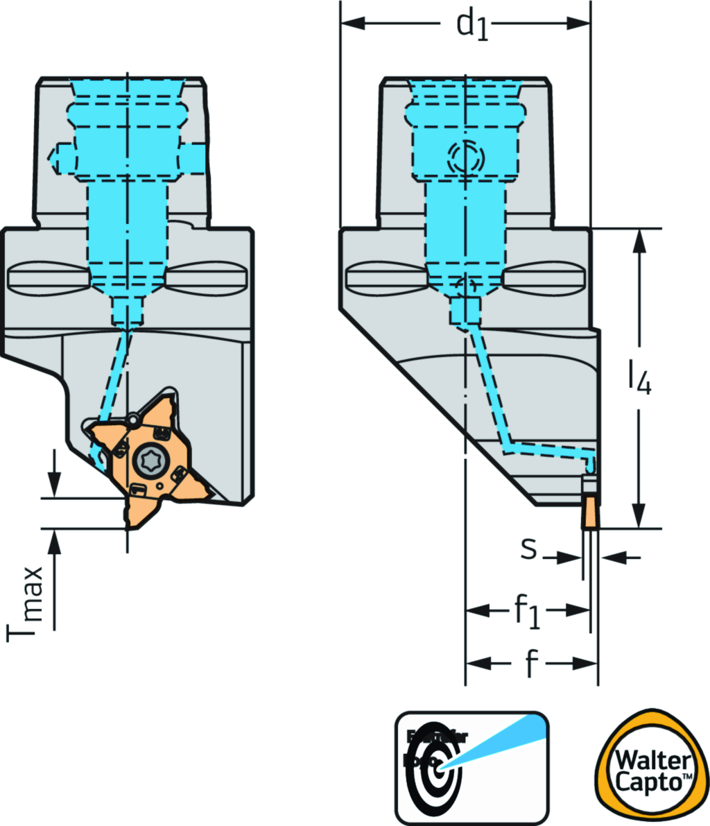 Stechhalter – Radialstechen G3011-C...-P • Walter CaptoTM • Schraubenklemmung • metrisch • Walter CaptoTM ISO 26623 • rechts • MX22 • s=4mm • Tmax=6mm
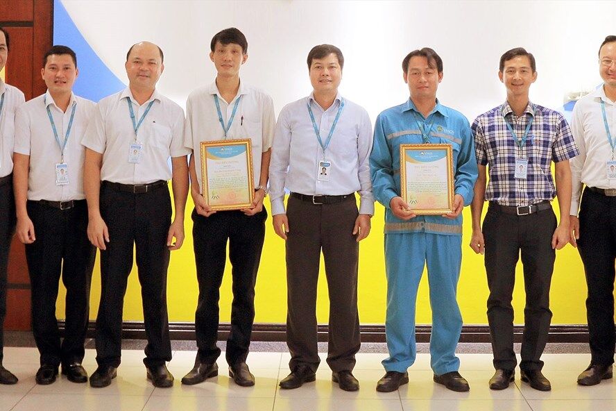 Anh Đường Khánh Tùng (thứ tư từ trái sang) và anh Trần Ngọc Kỳ (thứ ba từ phải sang) nhận thư biểu dương của Ban lãnh đạo Công ty. Ảnh : laodong.vn
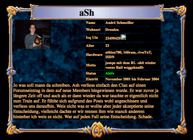 Hm! Um 4 fuhr ich los holte Napalm meinen Bruder ab und dann gings ab zu Bone. Als alles verstaut war in das kleine Auto gings dann auch endlich los. Ab auf die A3 Richtung Frankfurt und von einer Baustelle zur anderen! Gegen Acht trafen wir uns dann mit Bandit und Pac in Frankfurt gingen noch schnell ins Mac warfen ein Frühstück ein und weiter gings Richtung Meerbusch! Kurz nach Köln kam dann natürlich der Hammerstau! Sichtlich genervt suchten wir nach Lösung und verliesen die A3 und fuhren über einen kleinen Umweg weiter. Irgendwann schafften wir es dann endlich in Meerbusch einzutreffen. Als wir die Stätte betraten bekamen wir von einem Security dann auch ein paar Aufkleber für Rechner und Monitor auf denen unsere Namen draufstanden und ein Namensschild! Unsere Plätze waren schon reserviert und flugs wurde alles aufgebaut! Wahnsinn alles funzte so ziemlich aufs erste mal. PeB hatte sich ganz schön ins Zeug geworfen eine riesige Leinwand war aufgebaut auf denen das Spielen verfolgt worden konnte. Die Ecke in der die ganzen Server standen glichen einem Schlachtfeld :=)) Ich glaube da waren 3 Millionen Meter Kabel verlegt!! Hehehehe. Trotz dieses Kabelchaos gab es nicht einen einzigen Aussetzer des Netzes! Auch ein Ftp Server war vorhanden. Kaum angekommen wurde erstmal kräftig mit Darki und Alsi Bier gepumpt! Ein Haufen Leute die ich auch schon vom Netz kannte ( Xerxes 187, Oct Ace, Lachnisch 187. Peb Ötze. Blade. Wolvie ) waren auch da und wir unterhielten uns gut und es war auch ein Heidenspass. Genauso hatte ich mit dass alles vorgestellt. Das Essen in der Gaststätte war zwar teuer doch es schmeckte einfach hervorragend. Im Laufe des Abends hatten wir ein Funmatch gegen den Clan KQK( Ich hab leider den Namen vergessen *GG*) das wir auch gut gewonnen!! Auch gegen 187 hatten wir ein recht spassiges Funmatch es wurde viel gealbert und gelacht! Wir verloren zwar aber wir gaben ihnen gut Kontra. Wir konnten auch mit ICQ Online gehen! Ich weiss zwar bis heute noch nicht wie das ging aber naja was solls! Von vielen hörte ich dann nur was ich dachte du bist auf der Zocken net heheheheehe. Der Abend verging wie im Fluge und dann später wurde eine kleine Veranstaltung gemacht! Gespielt wurden die DM64 Maps und es waren immerhin beim stärksten Punkt 52 Leute gleichzeitig auf dem Server! Es machte wahnsinnig viel Fun und GOV Hunter stellte sich dann am Schluss als Fragmaster heraus! Immerhin schaffte es BANDIT sich auf Platz 3 hochzuschiessen ( APPLAUS ) und am Schluss wurden dann die Namensschilder eingesammelt und von den Leuten von GXP 5 Freikarten verloost. Ich weiss noch wie ich sagte na hoffentlich gewinne ich da nicht da es für mich nicht immer so einfach ist auf solche Treffen zu kommen wegen meinem Hund und so und als aller erster wurde doch dann unglaublicherweise mein Name aufgerufen. Das Gelächter bei unseren Leuten war riesig gross und ich konnte es einfach nicht fassen. So gegen 4 Uhr wurden wir dann langsam müde und wir entschieden uns heimzufahren. Also alles wurde eingepackt und wir verabschiedeten uns von allen. Kaum draussen meinte Napi dann dass er kotzen müsse und als er dann draussen stand und so seltsame Geräusche von sich gab lachten Bone und ich uns fast tot über den armen Kerl hehehehe. Natürlich kamen wir auch auf diesem Rückweg in einen verdammten Brutalostau und wenn Nami ne Rail gehabt hätte ich glaube mann müsste heute noch die Berge von Erschossenen wegräumen *GG* Um 11 Uhr trudelten wir schliesslich erschöpft in Nürnberg ein!! Alles in allem eine echt gelungene Lan session. PeB kann echt stolz sein so etwas auf die Beine gestellt zu haben und ich hoffe doch dass es eine Zocken 3 geben wird.
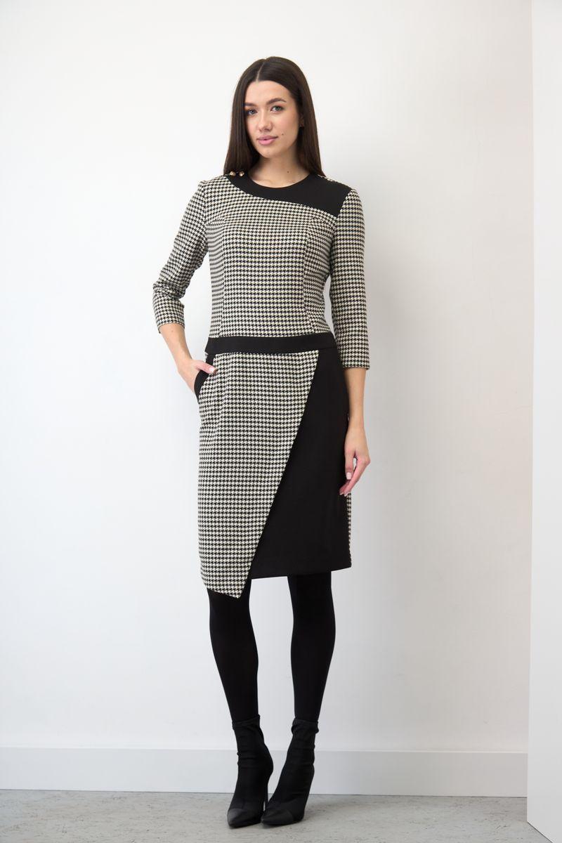 Платье полуприлегающего силуэта, с ассиметричной складкой-запахом по переднему полотнищу юбки. В правом боку юбки расположен внутренний косой карман, планка которого служит однотонным декоративным элементом, также как и фигурная кокетка у горловины, притачной горизонтальный пояс, расположенный на завышенной линии бедра и вторая передняя часть полотнища юбки. Платье имеет округлую горловину. Верхняя часть платья состоит из фигурной кокетки, на которой расположены 2 декоративных пуговицы ( * фурнитура может отличаться от представленной на рекламном фотоматериале), рельефных конструктивных бочков для прилегания и центральной части. На спинке изделия находятся талиевые вытачки, в среднем шве расположена застежка-молния и деликатный открытый разрез. Рукав прямой, втачной, длина 3/4. Длина изделия рукава в готовом виде 44 см. Длина изделия платья по спинке 99 см.

> **Task requirements**: All of the material above should be output exactly, with the pictures left behind.

> **Reply**:
 Stechhalter – Radialstechen G3011-C...-P • Walter CaptoTM • Schraubenklemmung • metrisch • Walter CaptoTM ISO 26623 • rechts • MX22 • s=4mm • Tmax=6mm
 Anh Đường Khánh Tùng (thứ tư từ trái sang) và anh Trần Ngọc Kỳ (thứ ba từ phải sang) nhận thư biểu dương của Ban lãnh đạo Công ty. Ảnh : laodong.vn
 Hm! Um 4 fuhr ich los holte Napalm meinen Bruder ab und dann gings ab zu Bone. Als alles verstaut war in das kleine Auto gings dann auch endlich los. Ab auf die A3 Richtung Frankfurt und von einer Baustelle zur anderen! Gegen Acht trafen wir uns dann mit Bandit und Pac in Frankfurt gingen noch schnell ins Mac warfen ein Frühstück ein und weiter gings Richtung Meerbusch! Kurz nach Köln kam dann natürlich der Hammerstau! Sichtlich genervt suchten wir nach Lösung und verliesen die A3 und fuhren über einen kleinen Umweg weiter. Irgendwann schafften wir es dann endlich in Meerbusch einzutreffen. Als wir die Stätte betraten bekamen wir von einem Security dann auch ein paar Aufkleber für Rechner und Monitor auf denen unsere Namen draufstanden und ein Namensschild! Unsere Plätze waren schon reserviert und flugs wurde alles aufgebaut! Wahnsinn alles funzte so ziemlich aufs erste mal. PeB hatte sich ganz schön ins Zeug geworfen eine riesige Leinwand war aufgebaut auf denen das Spielen verfolgt worden konnte. Die Ecke in der die ganzen Server standen glichen einem Schlachtfeld :=)) Ich glaube da waren 3 Millionen Meter Kabel verlegt!! Hehehehe. Trotz dieses Kabelchaos gab es nicht einen einzigen Aussetzer des Netzes! Auch ein Ftp Server war vorhanden. Kaum angekommen wurde erstmal kräftig mit Darki und Alsi Bier gepumpt! Ein Haufen Leute die ich auch schon vom Netz kannte ( Xerxes 187, Oct Ace, Lachnisch 187. Peb Ötze. Blade. Wolvie ) waren auch da und wir unterhielten uns gut und es war auch ein Heidenspass. Genauso hatte ich mit dass alles vorgestellt. Das Essen in der Gaststätte war zwar teuer doch es schmeckte einfach hervorragend. Im Laufe des Abends hatten wir ein Funmatch gegen den Clan KQK( Ich hab leider den Namen vergessen *GG*) das wir auch gut gewonnen!! Auch gegen 187 hatten wir ein recht spassiges Funmatch es wurde viel gealbert und gelacht! Wir verloren zwar aber wir gaben ihnen gut Kontra. Wir konnten auch mit ICQ Online gehen! Ich weiss zwar bis heute noch nicht wie das ging aber naja was solls! Von vielen hörte ich dann nur was ich dachte du bist auf der Zocken net heheheheehe. Der Abend verging wie im Fluge und dann später wurde eine kleine Veranstaltung gemacht! Gespielt wurden die DM64 Maps und es waren immerhin beim stärksten Punkt 52 Leute gleichzeitig auf dem Server! Es machte wahnsinnig viel Fun und GOV Hunter stellte sich dann am Schluss als Fragmaster heraus! Immerhin schaffte es BANDIT sich auf Platz 3 hochzuschiessen ( APPLAUS ) und am Schluss wurden dann die Namensschilder eingesammelt und von den Leuten von GXP 5 Freikarten verloost. Ich weiss noch wie ich sagte na hoffentlich gewinne ich da nicht da es für mich nicht immer so einfach ist auf solche Treffen zu kommen wegen meinem Hund und so und als aller erster wurde doch dann unglaublicherweise mein Name aufgerufen. Das Gelächter bei unseren Leuten war riesig gross und ich konnte es einfach nicht fassen. So gegen 4 Uhr wurden wir dann langsam müde und wir entschieden uns heimzufahren. Also alles wurde eingepackt und wir verabschiedeten uns von allen. Kaum draussen meinte Napi dann dass er kotzen müsse und als er dann draussen stand und so seltsame Geräusche von sich gab lachten Bone und ich uns fast tot über den armen Kerl hehehehe. Natürlich kamen wir auch auf diesem Rückweg in einen verdammten Brutalostau und wenn Nami ne Rail gehabt hätte ich glaube mann müsste heute noch die Berge von Erschossenen wegräumen *GG* Um 11 Uhr trudelten wir schliesslich erschöpft in Nürnberg ein!! Alles in allem eine echt gelungene Lan session. PeB kann echt stolz sein so etwas auf die Beine gestellt zu haben und ich hoffe doch dass es eine Zocken 3 geben wird.
 Платье полуприлегающего силуэта, с ассиметричной складкой-запахом по переднему полотнищу юбки. В правом боку юбки расположен внутренний косой карман, планка которого служит однотонным декоративным элементом, также как и фигурная кокетка у горловины, притачной горизонтальный пояс, расположенный на завышенной линии бедра и вторая передняя часть полотнища юбки. Платье имеет округлую горловину. Верхняя часть платья состоит из фигурной кокетки, на которой расположены 2 декоративных пуговицы ( * фурнитура может отличаться от представленной на рекламном фотоматериале), рельефных конструктивных бочков для прилегания и центральной части. На спинке изделия находятся талиевые вытачки, в среднем шве расположена застежка-молния и деликатный открытый разрез. Рукав прямой, втачной, длина 3/4. Длина изделия рукава в готовом виде 44 см. Длина изделия платья по спинке 99 см.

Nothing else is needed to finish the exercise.